◆ **INSTRUCTIONS FOR THE TASK**
Below, some lines carry pictures; leave those pictures out and retype exactly the lines from the one with "Găng tay, bao" through the one with "Dalam era di".

◆ **DATA EXTRACTS**
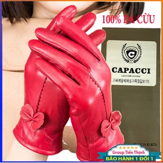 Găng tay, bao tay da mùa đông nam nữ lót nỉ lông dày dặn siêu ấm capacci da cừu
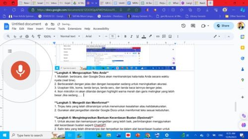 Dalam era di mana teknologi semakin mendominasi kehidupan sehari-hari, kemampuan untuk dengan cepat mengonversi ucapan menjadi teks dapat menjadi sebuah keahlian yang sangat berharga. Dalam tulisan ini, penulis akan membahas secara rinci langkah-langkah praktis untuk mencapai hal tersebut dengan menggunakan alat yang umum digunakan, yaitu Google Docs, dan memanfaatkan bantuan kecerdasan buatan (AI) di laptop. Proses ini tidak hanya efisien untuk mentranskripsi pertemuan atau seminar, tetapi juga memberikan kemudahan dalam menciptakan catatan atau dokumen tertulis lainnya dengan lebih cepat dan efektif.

==

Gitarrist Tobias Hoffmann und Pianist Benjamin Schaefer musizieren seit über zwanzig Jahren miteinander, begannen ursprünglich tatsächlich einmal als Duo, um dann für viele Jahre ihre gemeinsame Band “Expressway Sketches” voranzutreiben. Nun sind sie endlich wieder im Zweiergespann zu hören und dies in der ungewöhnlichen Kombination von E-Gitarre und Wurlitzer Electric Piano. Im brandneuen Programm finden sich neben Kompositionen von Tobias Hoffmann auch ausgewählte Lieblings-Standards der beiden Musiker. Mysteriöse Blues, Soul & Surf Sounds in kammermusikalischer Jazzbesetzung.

◆ **FINISHED TASK**
 Găng tay, bao tay da mùa đông nam nữ lót nỉ lông dày dặn siêu ấm capacci da cừu
 Dalam era di mana teknologi semakin mendominasi kehidupan sehari-hari, kemampuan untuk dengan cepat mengonversi ucapan menjadi teks dapat menjadi sebuah keahlian yang sangat berharga. Dalam tulisan ini, penulis akan membahas secara rinci langkah-langkah praktis untuk mencapai hal tersebut dengan menggunakan alat yang umum digunakan, yaitu Google Docs, dan memanfaatkan bantuan kecerdasan buatan (AI) di laptop. Proses ini tidak hanya efisien untuk mentranskripsi pertemuan atau seminar, tetapi juga memberikan kemudahan dalam menciptakan catatan atau dokumen tertulis lainnya dengan lebih cepat dan efektif.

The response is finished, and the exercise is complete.